/perforator

A tool for collecting "perf" performance metrics for individual functions/regions in any language.

Primary LanguageGoMIT LicenseMIT

Perforator

Documentation Go Report Card MIT License

Perforator is a tool for recording performance metrics over subregions of a program (e.g., functions) using the Linux "perf" interface. The perf tool provided by the Linux kernel only supports collecting statistics over the complete lifetime of a program, which is often inconvenient when a program includes setup and cleanup that should not be profiled along with the benchmark. Perforator is not as comprehensive as perf but it allows you to collect statistics for individual functions or address ranges.

Perforator only supports Linux AMD64. The target ELF binary may be generated from any language. For function lookup, make sure the binary is not stripped (it must contain a symbol table), and for additional information (source code regions, inlined function lookup), the binary must include DWARF information. Perforator supports position-independent binaries.

Perforator is primarily intended to be used as a CLI tool, but includes a library for more general user-code tracing called utrace, a library for reading ELF/DWARF information from executables, and a library for tracing perf events in processes.

Installation

There are three ways to install Perforator.

  1. Download the prebuilt binary from the releases page.

  2. Install from source:

git clone https://github.com/zyedidia/perforator
cd perforator
make build # or make install to install to $GOBIN
  1. Install with go get (version info will be missing):
go get github.com/zyedidia/perforator/cmd/perforator

Usage

First make sure that you have the appropriate permissions to record the events you are interested in (this may require running Perforator with sudo or modifying /proc/sys/kernel/perf_event_paranoid -- see this post). If Perforator still can't find any events, double check that your system supports the perf_event_open system call (try installing the perf tool from the Linux kernel).

Example

Suppose we had a C function that summed an array and wanted to benchmark it for some large array of numbers. We could write a small benchmark program like so:

#include <stdio.h>
#include <stdlib.h>
#include <time.h>
#include <stdint.h>

#define SIZE 10000000

uint64_t sum(uint32_t* numbers) {
    uint64_t sum = 0;
    for (int i = 0; i < SIZE; i++) {
        sum += numbers[i];
    }
    return sum;
}

int main() {
    srand(time(NULL));
    uint32_t* numbers = malloc(SIZE * sizeof(uint32_t));
    for (int i = 0; i < SIZE; i++) {
        numbers[i] = rand();
    }

    uint64_t result = sum(numbers);
    printf("%lu\n", result);
    return 0;
}

If we want to determine the number of cache misses, branch mispredictions, etc... perf is not suitable because running perf stat on this program will profile the creation of the array in addition to the sum. With Perforator, we can measure just the sum.

Profiling functions

First compile with

$ gcc -g -O2 -o bench bench.c

Now we can measure with Perforator:

$ perforator -r sum ./bench
+---------------------+-------------+
| Event               | Count (sum) |
+---------------------+-------------+
| instructions        | 50000004    |
| branch-instructions | 10000002    |
| branch-misses       | 10          |
| cache-references    | 1246340     |
| cache-misses        | 14984       |
| time-elapsed        | 4.144814ms  |
+---------------------+-------------+
10736533065142551

Results are printed immediately when the profiled function returns.

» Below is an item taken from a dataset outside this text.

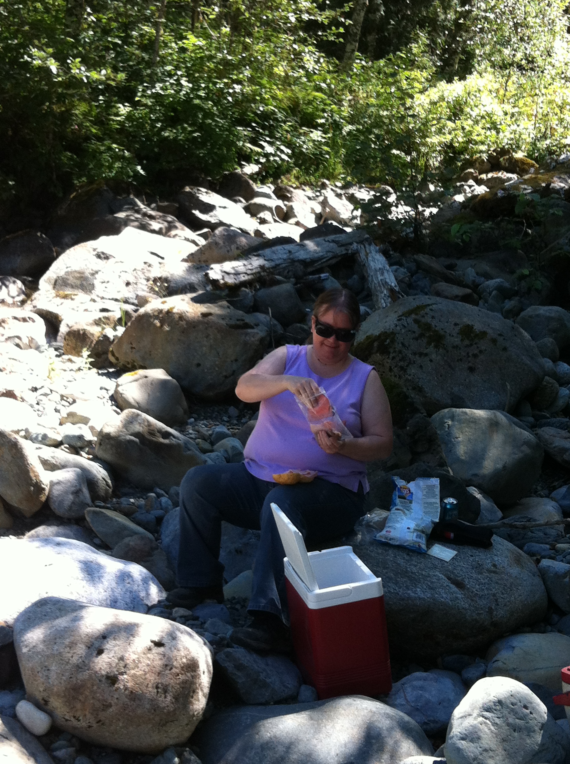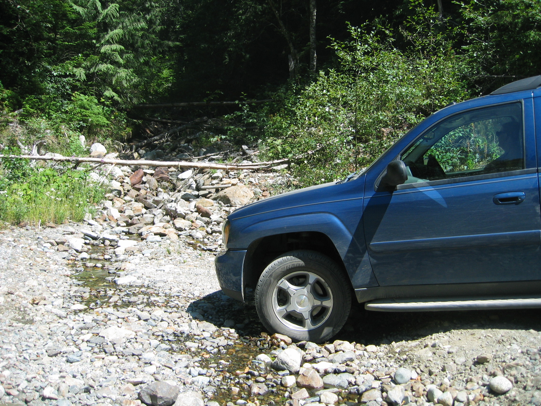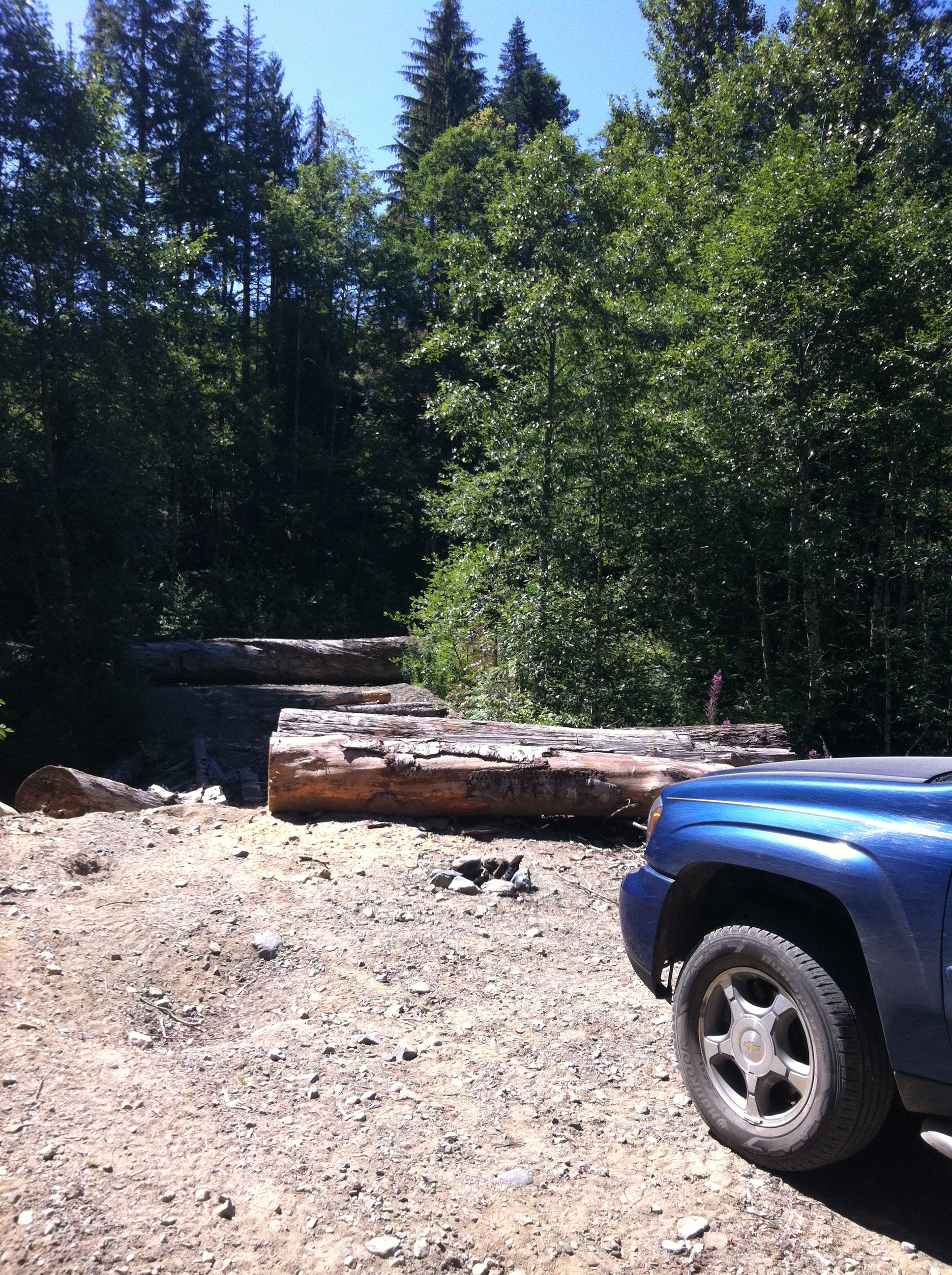 I finally got the spare wheel on, and the blown one thrown in the back, wound the winch cable up so it wouldn't flail around under there, and carried on up the trail, praying that would be the only flat today. We got to the end of the usable trail when we encountered several huge logs placed across the end of an old log bridge. We walked across the rotting old timbers, plenty strong enough for 2 people, but certainly not safe for a vehicle. On the other side, we found a trail down to the creek side, in a shady spot, so I went back to the truck and brought the cooler down so that we could have lunch in the cool air, near the running water. The home made potato salad and cold cuts, with fresh apricots for desert were delicious, and fuelled us up for the drive back out to pavement, and home to a good scrub down, after battling the alder branches and flat tire. It was a great little mini-adventure, and as soon as I have the tire/wheel replaced, we'll be ready for some more outdoor fun.
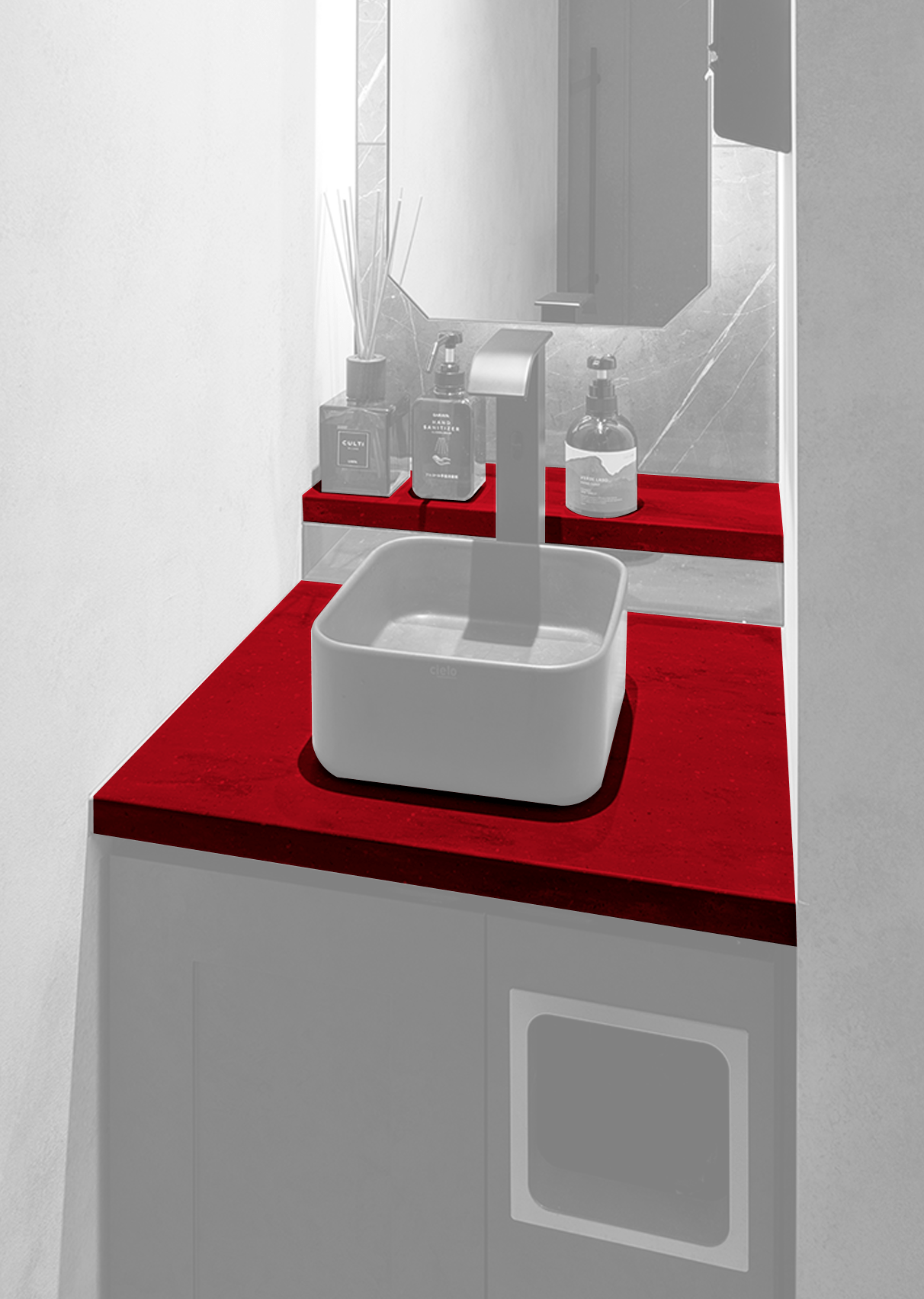 カウンターは8分割で現場へ搬入し、シームレスジョイントで仕上げたという。「模様があるので多少は継ぎ目が出てしまうと思っていましたが、想像以上にきれいな仕上がりで、接着面も全く気になりません。こんなに大きなサイズにもかかわらず、自由に描いたデザイン通りに具現化できたことに満足しています」と松井氏は笑顔を見せる。

Note: in this case we compiled with -g to include DWARF debugging information. This was necessary because GCC will inline the call to sum, so Perforator needs to be able to read the DWARF information to determine where it was inlined to. If you compile without -g make sure the target function is not being inlined (either you know it is not inlined, or you mark it with the noinline attribute).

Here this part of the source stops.